Task brief ▸ Each line of the data below goes into the copy exactly; pictures do not.

Data segment ▸
::::::::

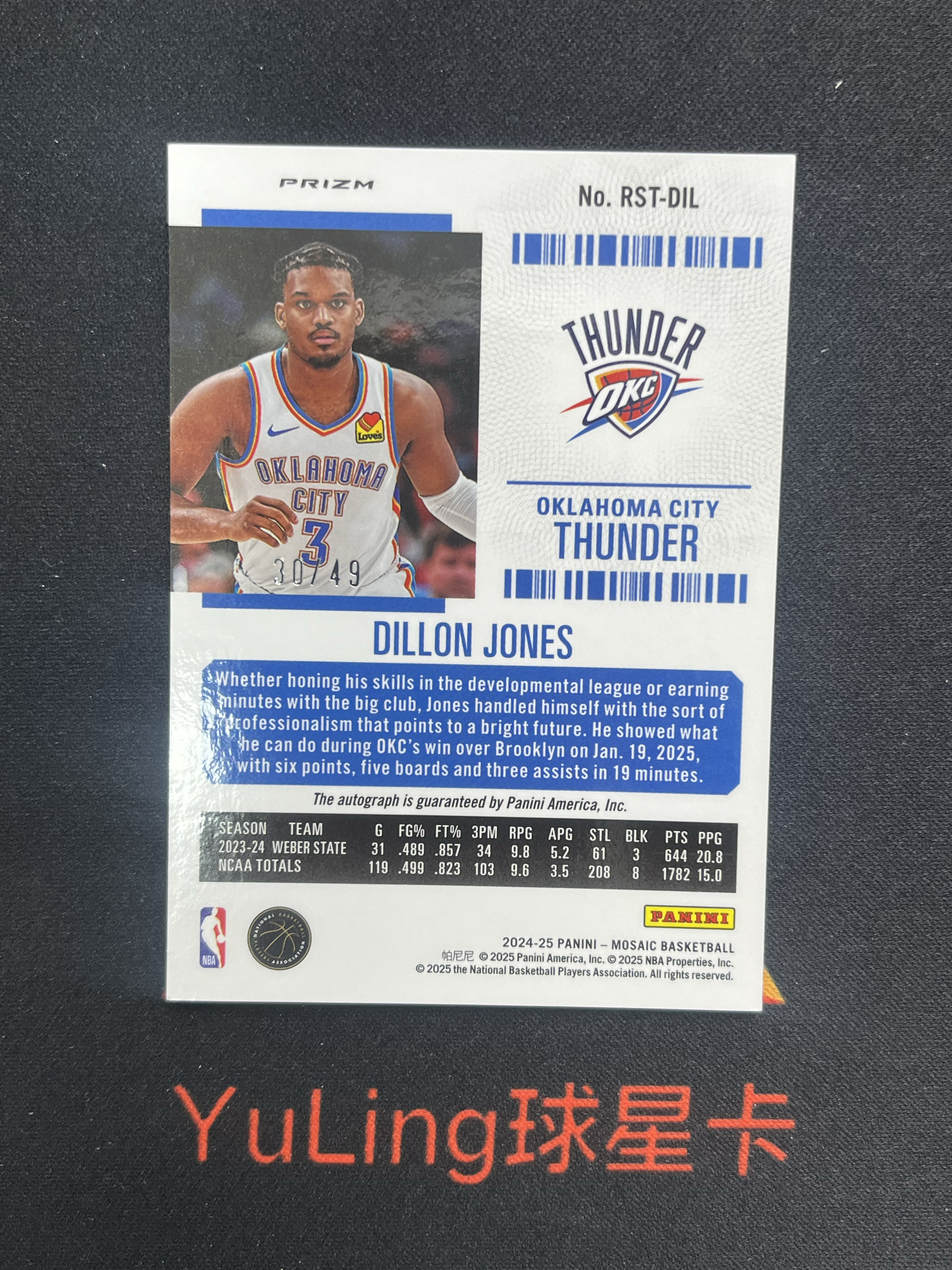 2024-25 Panini Mosaic Dillon Jones RC 【YuLing免手续费代卖】狄龙 琼斯 雷霆 新秀 马赛克 签字 马赛克折 折射 30/49编 瑕疵如图 收藏必备 罐
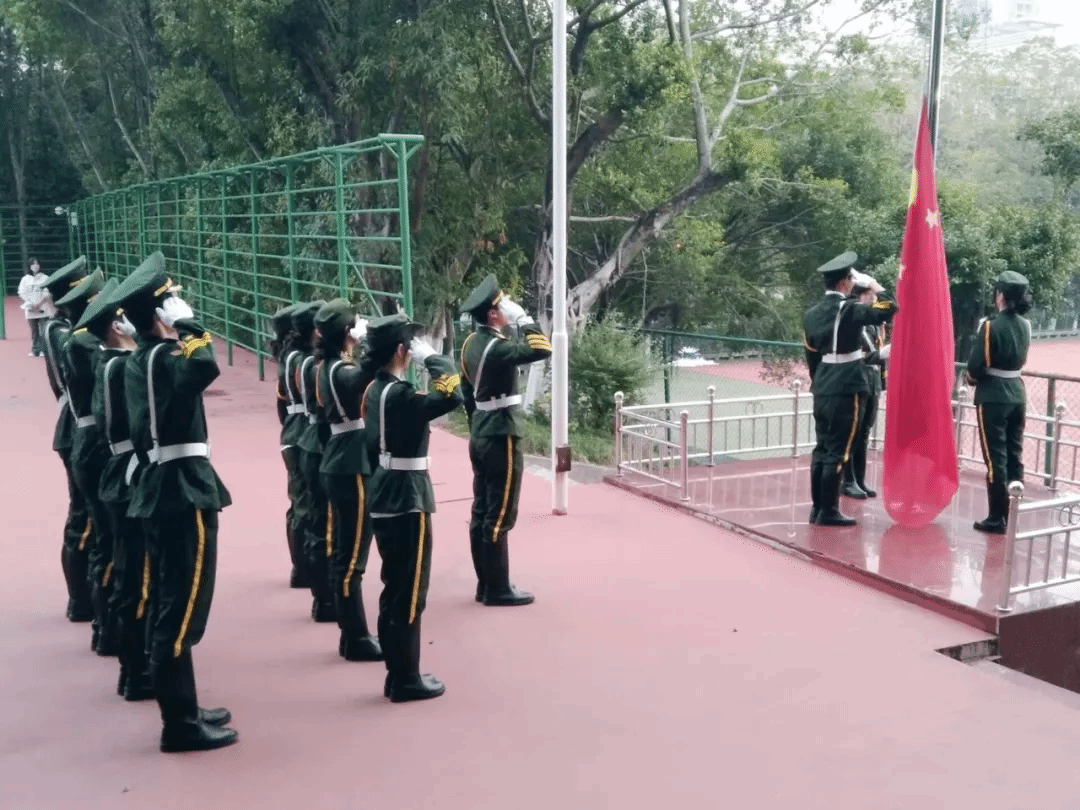 升旗仪式开始,国旗队队员们抬头挺胸,踏着正步,护送着五星红旗走向国旗台。全体同学肃立,伴随着嘹亮的国歌响起,五星红旗冉冉升起,随风飘扬。
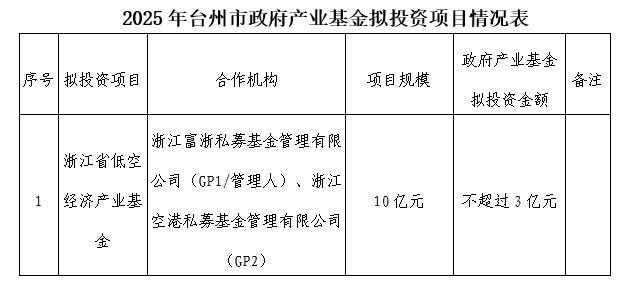 根據《臺州市政府產業(yè)基金管理辦法》(臺財企發(fā)〔2021〕6號)等有關規(guī)定,為充分發(fā)揮政府產業(yè)基金引領作用,臺州市政府產業(yè)基金擬組建非定向基金投向低空領域,已由臺州市金融投資集團有限公司決策委員會(基金管理委員會)審議通過,現予以公示:
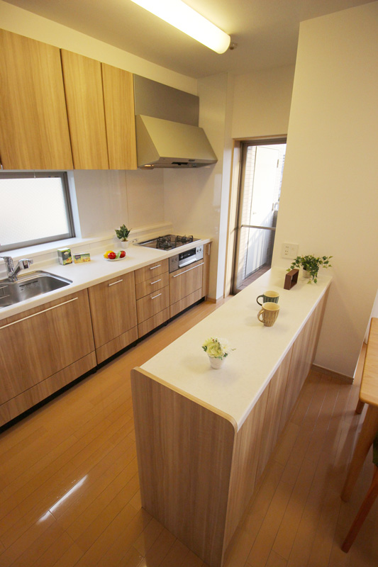 システムキッチンにはカウンター収納付

::::::::

Answer box ▸
 2024-25 Panini Mosaic Dillon Jones RC 【YuLing免手续费代卖】狄龙 琼斯 雷霆 新秀 马赛克 签字 马赛克折 折射 30/49编 瑕疵如图 收藏必备 罐
 升旗仪式开始,国旗队队员们抬头挺胸,踏着正步,护送着五星红旗走向国旗台。全体同学肃立,伴随着嘹亮的国歌响起,五星红旗冉冉升起,随风飘扬。
 根據《臺州市政府產業(yè)基金管理辦法》(臺財企發(fā)〔2021〕6號)等有關規(guī)定,為充分發(fā)揮政府產業(yè)基金引領作用,臺州市政府產業(yè)基金擬組建非定向基金投向低空領域,已由臺州市金融投資集團有限公司決策委員會(基金管理委員會)審議通過,現予以公示:
 システムキッチンにはカウンター収納付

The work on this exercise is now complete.